Work order. Your answer must be a word-for-word copy of the listing, with all pictures excluded.

Collected material.
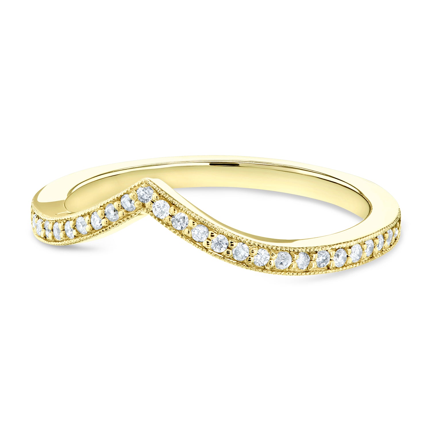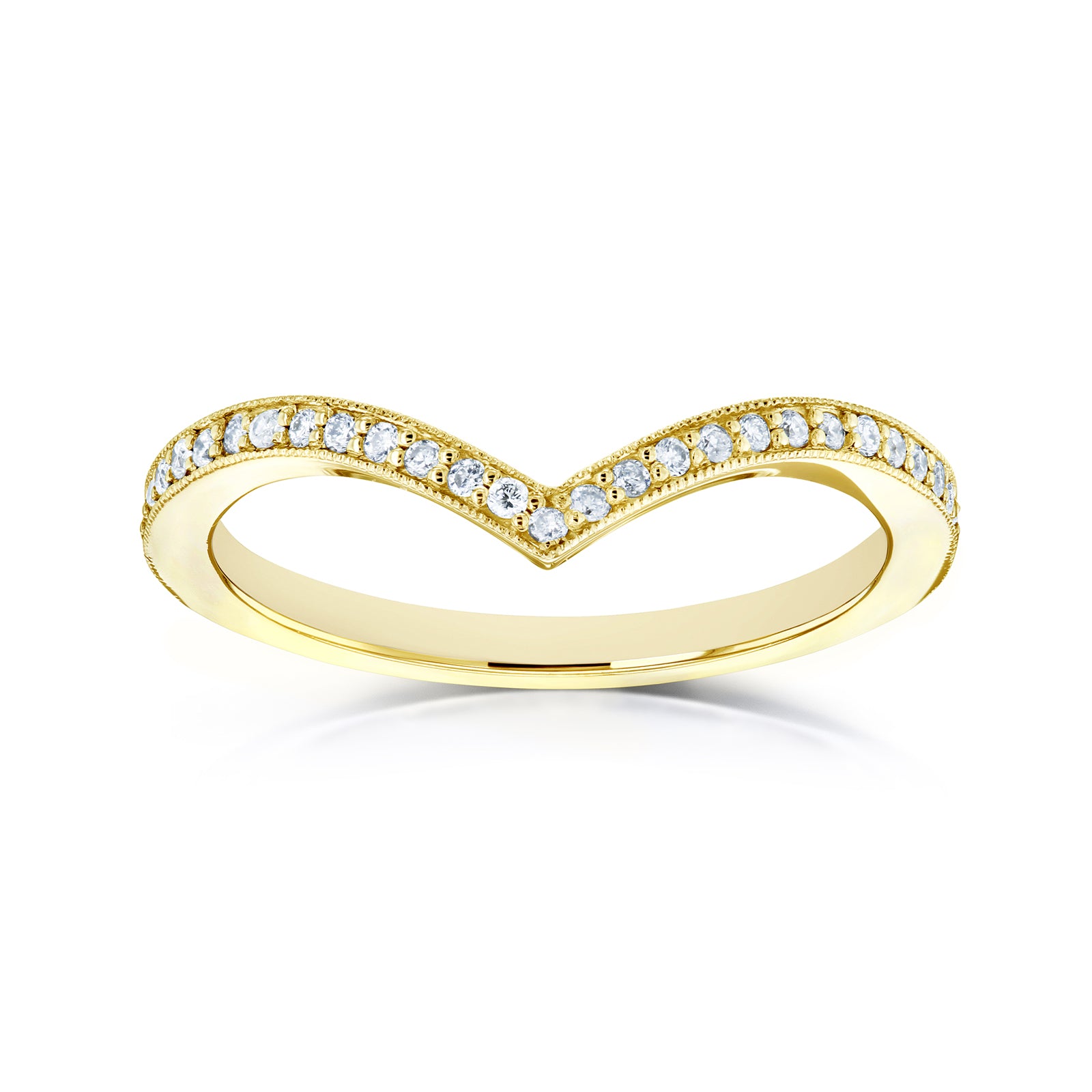Sparking white diamonds line this chevron wishbone band in solid 14-karat gold. Each diamond is graded at DEF color and VS clarity.
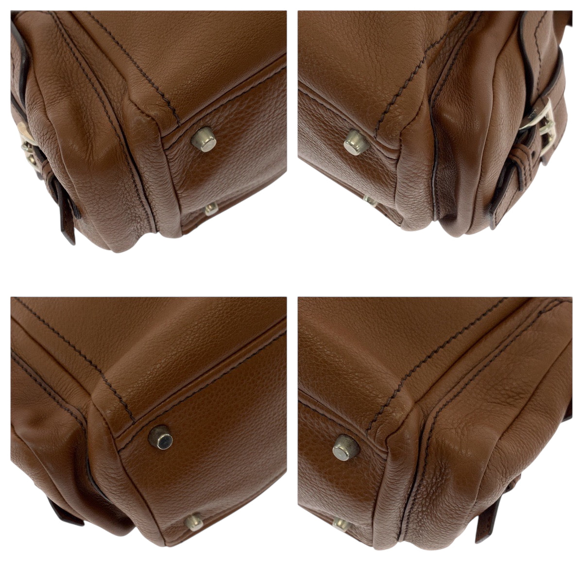19203 PRADA プラダ ヴィッテロダイノ 三角ロゴプレート ブラウン シルバー金具 レザー BR3250 トートバッグ ショルダーバッグ レディース A75
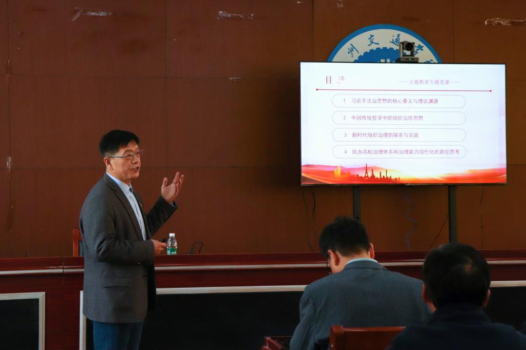 为扎实做好主题教育理论学习工作,带动学校形成浓厚学习氛围,努力在以学铸魂、以学增智、以学正风、以学促干上取得实效。我校党委书记庞更新在行政楼A512以“学习贯彻习近平法治思想 推进学校治理体系和治理能力现代化”为题,讲授了学习贯彻习近平新时代中国特色社会主义思想主题教育专题党课。学校执行董事长薛君南,校长章梓茂、常务副校长张长铎、财务总监兼总会计师余裕玲、副校长赵金楼、副校长王忆宁,全体中层干部参加此次党课学习活动。本次党课活动由党委副书记吴立军主持。
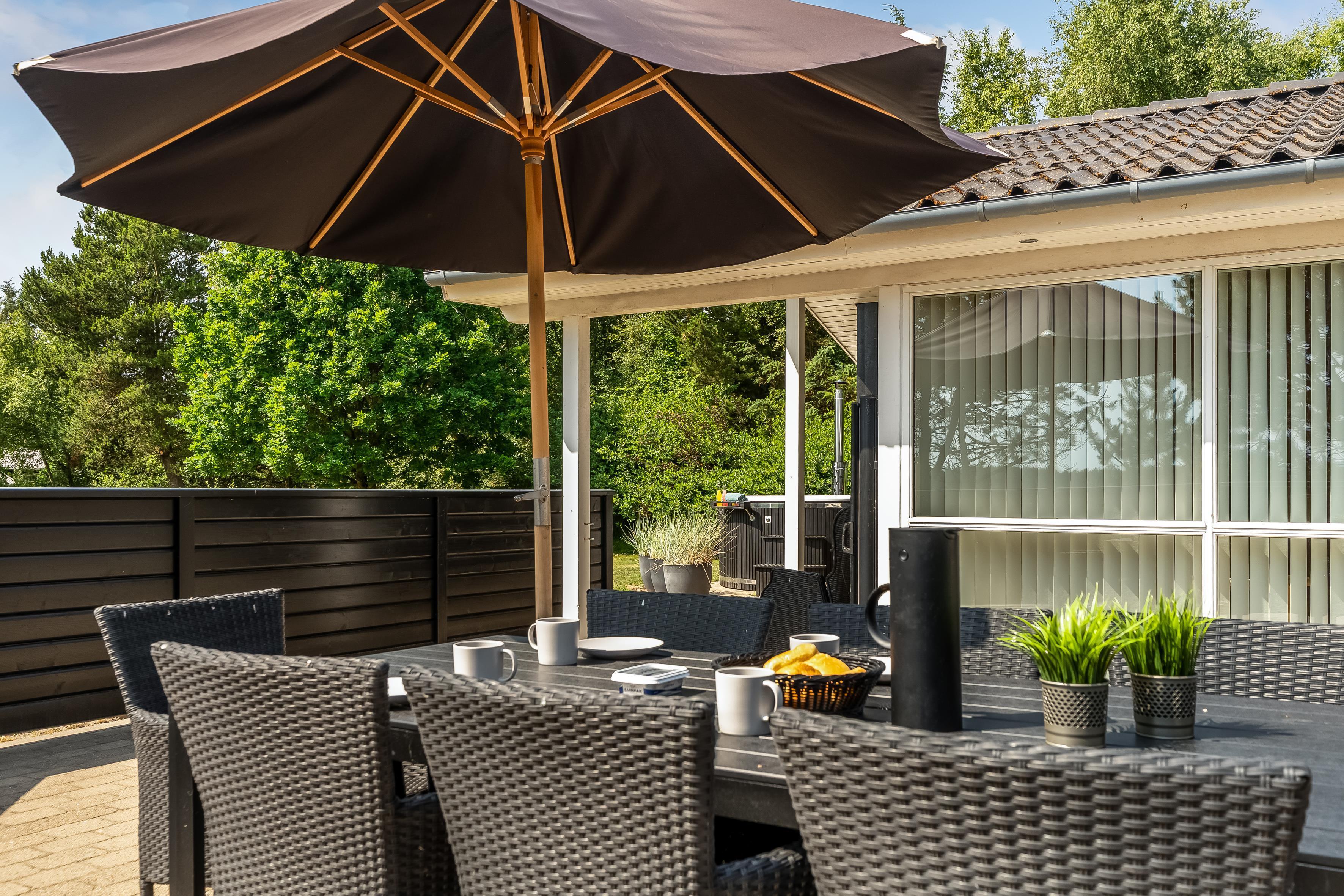Køkkenet er fuldt udstyret med moderne apparater, herunder en keramisk komfur, ovn, opvaskemaskine, køleskab og fryser med en kapacitet på 60 liter. Der er også en vaskemaskine og tørretumbler, så I kan holde jeres tøj friskt under opholdet. Udenfor kan I nyde en overdækket terrasse, hvor I kan grille og spise sammen, mens I nyder den friske luft.

Exercise answer.
Sparking white diamonds line this chevron wishbone band in solid 14-karat gold. Each diamond is graded at DEF color and VS clarity.
19203 PRADA プラダ ヴィッテロダイノ 三角ロゴプレート ブラウン シルバー金具 レザー BR3250 トートバッグ ショルダーバッグ レディース A75
 为扎实做好主题教育理论学习工作,带动学校形成浓厚学习氛围,努力在以学铸魂、以学增智、以学正风、以学促干上取得实效。我校党委书记庞更新在行政楼A512以“学习贯彻习近平法治思想 推进学校治理体系和治理能力现代化”为题,讲授了学习贯彻习近平新时代中国特色社会主义思想主题教育专题党课。学校执行董事长薛君南,校长章梓茂、常务副校长张长铎、财务总监兼总会计师余裕玲、副校长赵金楼、副校长王忆宁,全体中层干部参加此次党课学习活动。本次党课活动由党委副书记吴立军主持。
Køkkenet er fuldt udstyret med moderne apparater, herunder en keramisk komfur, ovn, opvaskemaskine, køleskab og fryser med en kapacitet på 60 liter. Der er også en vaskemaskine og tørretumbler, så I kan holde jeres tøj friskt under opholdet. Udenfor kan I nyde en overdækket terrasse, hvor I kan grille og spise sammen, mens I nyder den friske luft.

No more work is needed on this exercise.